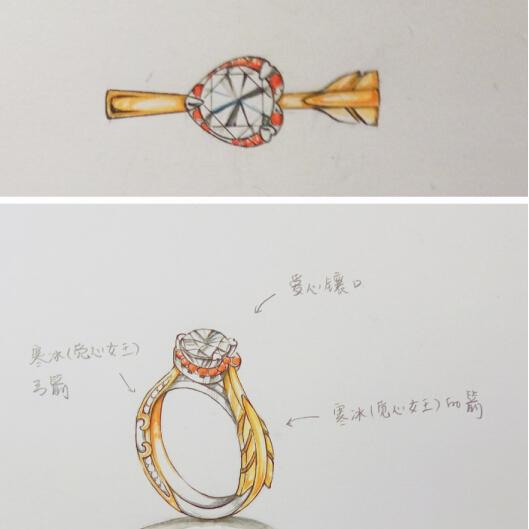 这次她只是在微博上艾特了小伙,说用两人的爱情故事定制婚戒,更用心更有纪念意义,因为婚戒只属于两个人,不想和第三个人撞款。没想到小伙子立刻带上全部积蓄,拉着自己到店里,用两人的爱情故事以及她最喜欢的游戏人物觅心女王为设计元素,定制名为“一箭穿心”求婚钻戒。
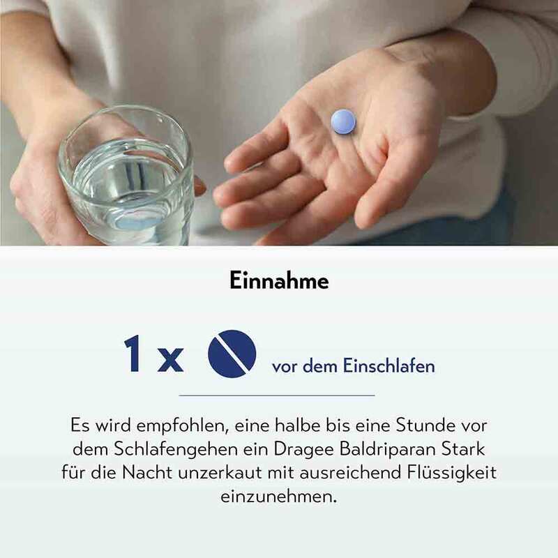 Hinweis für Diabetiker: Eine Einzeldosis Baldriparan Stark für die Nacht (1 überzogene Tablette) entspricht 0,015 BE.
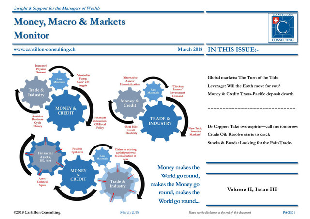 disclaimer at the end of this document PAGE 2 Money, Macro & Markets Monitor Insight & Support for the Managers of Wealth www.cantillon-consulting.ch Sixteen months on from the political earthquake which unleashed the extraordinary Trump Bump of smartly rising asset prices and strengthening macro-economic numbers, we have lately begun to ask ourselves whether we are about to witness the appearance instead of its mirror-image – of a period of at least partial reversal which we might come to christen the Trump Dump. Since overturning the psephologists’ calculations, along with much of what passed for conventional wisdom, Mr Abrasive – for all his seeming caprice and in spite of his inex- haustible penchant for playground point-scoring – does seem to have invigorated many of the Forgotten Men and Women outside of America’s pampered littoral elites. Though far from unblemished in its record of attainment, his regime has also delivered some wel- come respite from the regulatory kudzu which was undeniably strangling the country’s native crop of own-two-feet self-reliance. On top of that, we have seen what is, thus far, the crowning glory of his term in office – the tax package – entered into the statue books, all to the utter chagrin of Mr. T’s many detractors. He has even largely managed to avoid too debilitating an addiction to the sort of head- first, drones-away foreign policy adventurism which has been the bane of so many of his predecessors in the Oval Office – if only by means of what seems to have been a wilful, almost programmatic disruption of the career ambitions of the various sinister apparat- chiks and would-be Strangeloves who inhabit the dingy recesses of the Departments of State and Defense, as well as of the Edge-of-the-Map monstrosities who swim amid the toxic alphabet soup of the national security hierarchy. We, at the height, are ready to decline Of late, however, the question keeps thrusting itself unbidden into our mind about whether our presidential fireball has already reached its zenith, its flaming course through the political heavens about to turn decisively lower at last. The first source of concern is that, after the undoubted boon of lighter regulation and lowered taxes (a blessing only sullied by the accompanying loss of what little sense of fis- cal restraint there might have existed in Washington), we now seem to be locked into the destructive issue of tariffs, quotas, and crass bilateralism on the trade front – in other words, to be embarking on a course which will add to both the difficulty and the cost of doing business in place of reducing them both. The one, faint flicker of hope here is that Trump is after what he often seems to do best: namely, to bully those he paints as his antagonists into doing something half-way sensible, despite themselves. For example, the seemingly pointless irritation of steel and aluminium duties has already served to highlight the various restrictive practices – as well as the obvi- ous cant - of both the Europeans and the Chinese, when it comes to matters of trade. If the Donald is merely manoeuvring therefore to achieve some sort of mutual decrease in impediments to commerce, rather than ostensibly seeking to raise them, our forebodings might yet be unrealised. It is, however, far too flimsy a chain of supposition to be relied upon at this stage of the game, meaning that we must first treat the loud Protectionist quacking as the call of a full- fledged Protectionist duck. Our legions are brim-full, our cause is ripe Beyond that, the dark spectre of ‘geopolitics’ (aka: armchair generalship) seems to be stir- ring in its grave, with Trump’s latest, abrupt appointments to the relevant positions being men of a reflexively, if not an irrationally, hawkish mien when it comes to both Russia and Iran. Further hostile intent toward the first could risk a confrontation too terrible almost to contemplate, while an abrogation of the accord reached with the second would not only further inflame that cockpit of horrors which is the Middle East, but potentially destabilize energy markets and hence undermine the wider economic framework, into the bargain. Finally, there can surely only be downside risk in the shape of the coming US mid-term elections. One must suppose that even a Ballot-box Barnum like Trump cannot surprise us twice in the same manner and so will lose some good measure of command over the levers of government this autumn. This should be a matter of broad indifference to those of us who live outside the US of A, as well as a matter of some comfort to the valiant Constitutionalists who do; those virtuous souls who believe that the separation of powers is to be cherished even if it is their side’s imperial presidency which is this time frustrated A tide in the affairs of men
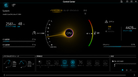 Core Ultraシリーズ3では、12コア、6コアなど幅広いラインナップを用意しているが、本機は16コア16スレッドの上位モデル「Core Ultra X7 358H」を採用。性能重視のPコアを4基、効率重視のEコアを8基、省電力のLP Eコアを4基という構成だ。最新のIntel 18Aプロセスで製造され、各コアとも設計が刷新され、性能、電力効率とも向上。大きな注目を集めているCPUだ。
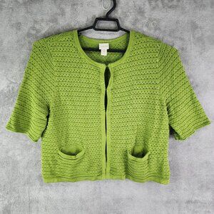 Womens Green Chicos Cardigan Sweater Short Sleeve Round Neck Size 2 (L)
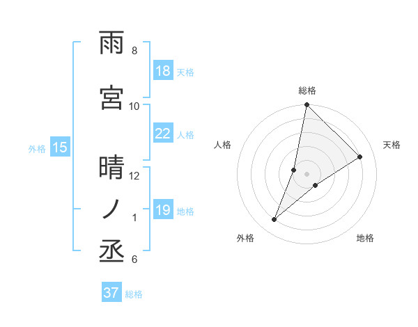 雨宮 晴ノ丞さんの外格は15画の4点!
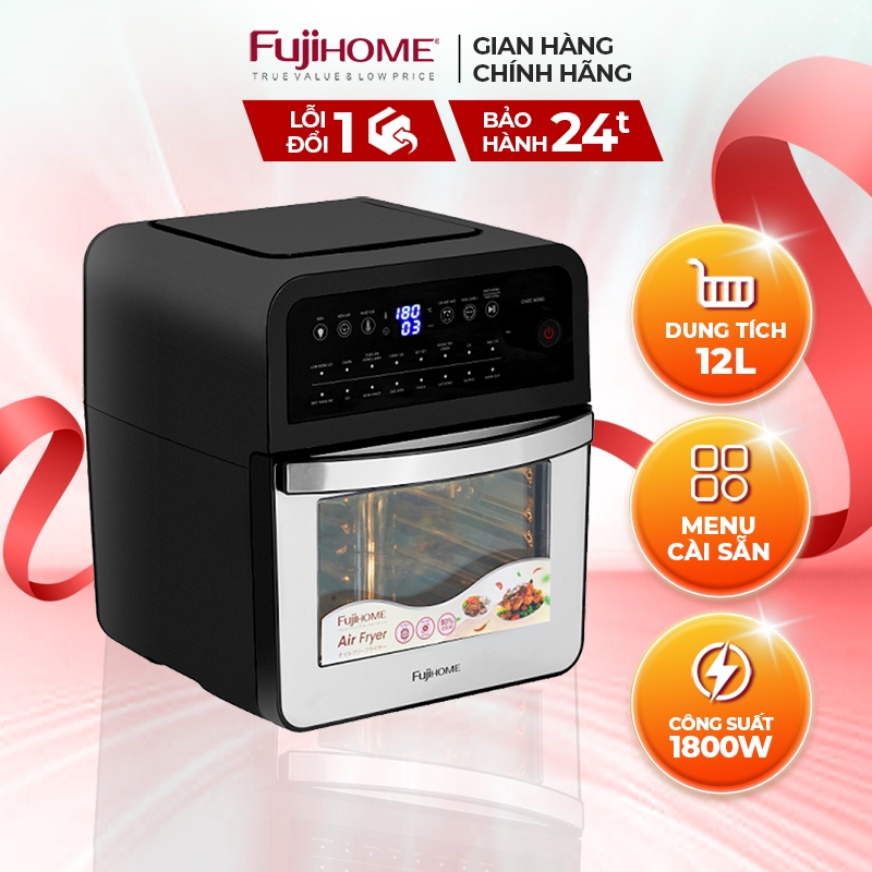 Nồi chiên không dầu FUJIHOME A12D dung tích 12L - Bảng điều khiển điện tử cảm ứng - Menu cài đặt sẵn
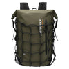 Externo: Cierre de superior enrollable, malla adicional y detalles reflectivos.
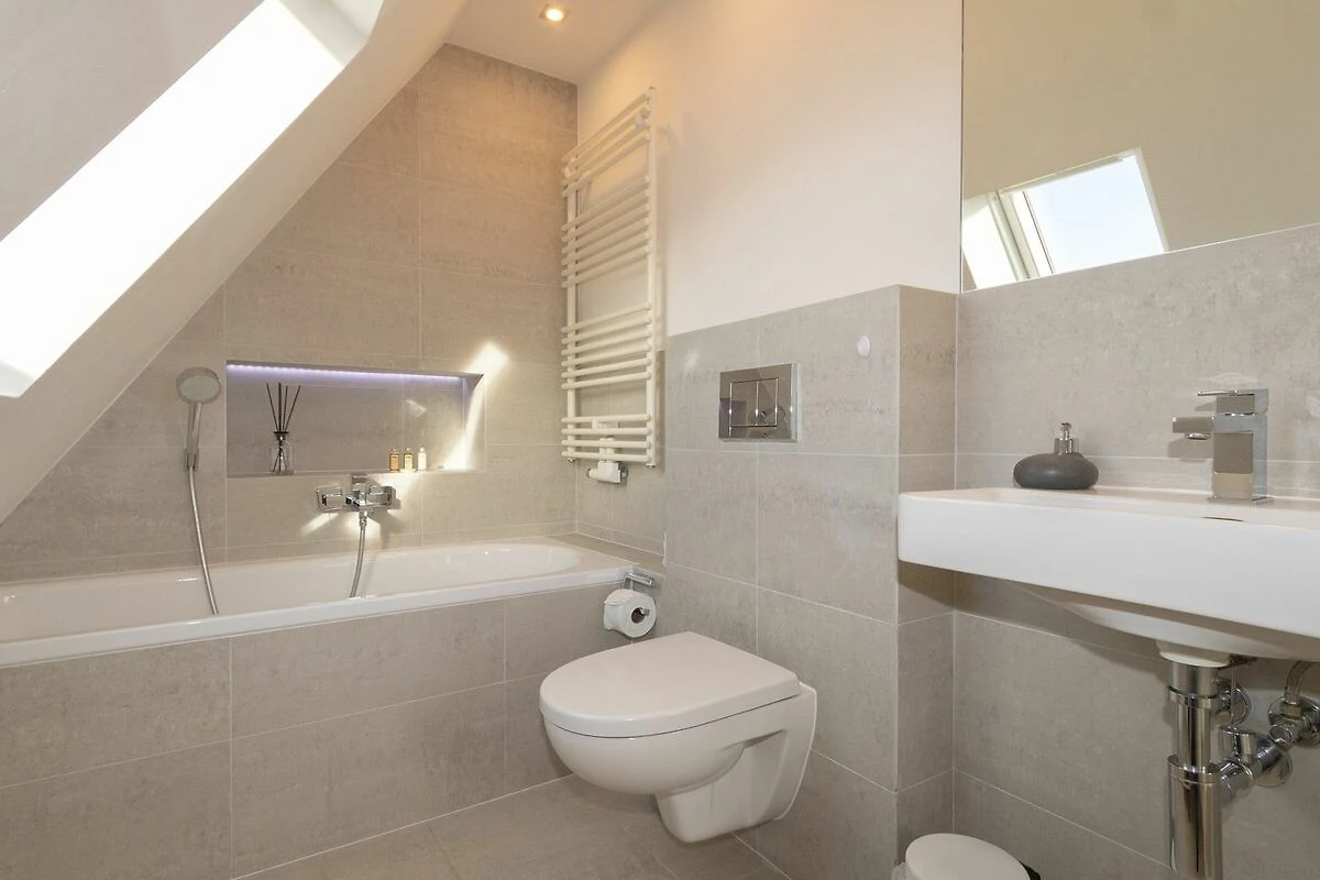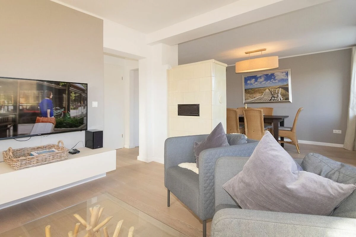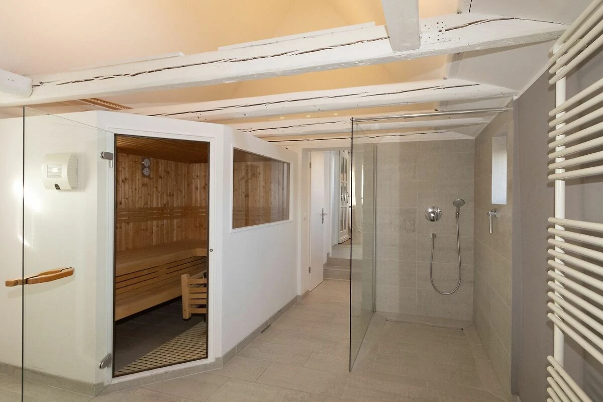 Das 140 qm grosse Haus verfügt über 3 Schlafzimmer mit Boxspringbetten, 2 Bäder mit Dusche und Badewanne, ein separates Gäste WC, sowie einen grosszügigen Sauna- und Wellnessbereich mit Regendusche. Die exklusive Küche ist mit edlen Materialien, hochwertigen Geräten und allem Zubehör ausgestattet. Sie liegt offen zum Ess- und Wohnzimmer mit dem Original Kachelofen. Die Wohn- und Schlafbereiche sind mit gekalkten Eichendielen ausgelegt, die Eingangs- und Nassbereiche mit grauem Feinstein. Flatscreen TV im Wohnbereich und allen Schlafzimmern gehören ebenso zur technischen Ausstattung wie Blue Ray-DVD-Player, CD, Receiver und ein Highspeed-W-Lan Anschluss.
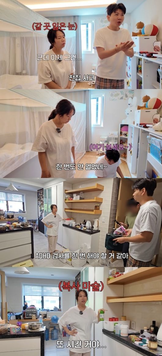 홍현희는 주방으로 향한 후 “저는 근데 확실히 새로운 집 갔을 때는 ADHD 검사를 해야 할 것 같다. 보리굴비 먹고 싶어서 녹차를 샀는데 찾아보지도 않고 또 산 것이다”라고 말했다. 제이쓴은 “그런 게 많다. 샀는데 또 산 것”이라고 덧붙였다.

- _Task to complete_: Reproduce the final stretch of lines exactly: the line containing "雨宮 晴ノ丞さんの外格は15画の4点!" through the last line of the data, both included. Pictures do not belong in the copy.

- _Exercise solution_:
 雨宮 晴ノ丞さんの外格は15画の4点!
 Nồi chiên không dầu FUJIHOME A12D dung tích 12L - Bảng điều khiển điện tử cảm ứng - Menu cài đặt sẵn
 Externo: Cierre de superior enrollable, malla adicional y detalles reflectivos.
 Das 140 qm grosse Haus verfügt über 3 Schlafzimmer mit Boxspringbetten, 2 Bäder mit Dusche und Badewanne, ein separates Gäste WC, sowie einen grosszügigen Sauna- und Wellnessbereich mit Regendusche. Die exklusive Küche ist mit edlen Materialien, hochwertigen Geräten und allem Zubehör ausgestattet. Sie liegt offen zum Ess- und Wohnzimmer mit dem Original Kachelofen. Die Wohn- und Schlafbereiche sind mit gekalkten Eichendielen ausgelegt, die Eingangs- und Nassbereiche mit grauem Feinstein. Flatscreen TV im Wohnbereich und allen Schlafzimmern gehören ebenso zur technischen Ausstattung wie Blue Ray-DVD-Player, CD, Receiver und ein Highspeed-W-Lan Anschluss.
 홍현희는 주방으로 향한 후 “저는 근데 확실히 새로운 집 갔을 때는 ADHD 검사를 해야 할 것 같다. 보리굴비 먹고 싶어서 녹차를 샀는데 찾아보지도 않고 또 산 것이다”라고 말했다. 제이쓴은 “그런 게 많다. 샀는데 또 산 것”이라고 덧붙였다.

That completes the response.